7-Eleven owner rejects $38.7bn buyout offer from rival

A$ 29.2 billion takeover offer from a Canadian enemy has been rejected by the Chinese user of convenience store chain 7-Eleven.

In a letter addressed to the Circle K user Alimentation Couche-Tard (ACT), Seven &amp, I Holdings said the French company’s offer “grossly” undervalued the company and was fraught with governmental danger.

The 7-Eleven user added, but, that it remains open to conversations and ready to contemplate a better plan.

A BBC News request for comment was never instantly responded to by ACT.

The Special Committee, in conjunction with a special committee it established to take the offer into consideration, believes that your proposal is strategically timed and greatly undervalues our standalone path and the more practical avenues we see to recognize and access shareholder value, according to Seven &amp, I’s letter.

Seven & is more economical to foreign buyers as a result of ACT’s present, which comes at a time when the Japanese yen’s exchange rate is significantly lower against the US dollar.
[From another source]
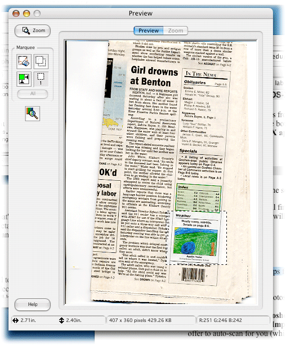 From a scan, in this case, of a newspaper, I took a section of the image, and shrank it down to the approximate size of the tile I'd like to create... here about 150 x 150 pixels.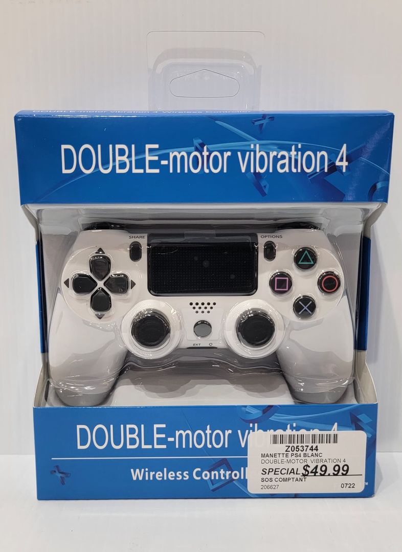 MANETTE PS4 BLANC DOUBLE-MOTOR VIBRATION 4

Your plan fails to adequately address the numerous and significant difficulties that US competition law enforcement agencies might encounter as a transaction, according to Seven &amp, I’s letter.

7-Eleven is the world’s biggest pleasure shop chain, with 85, 000 stores across 20 countries and territories.

If a deal were to go back, ACT’s footprints in the US and Canada would more than twice to more than 20 000 websites.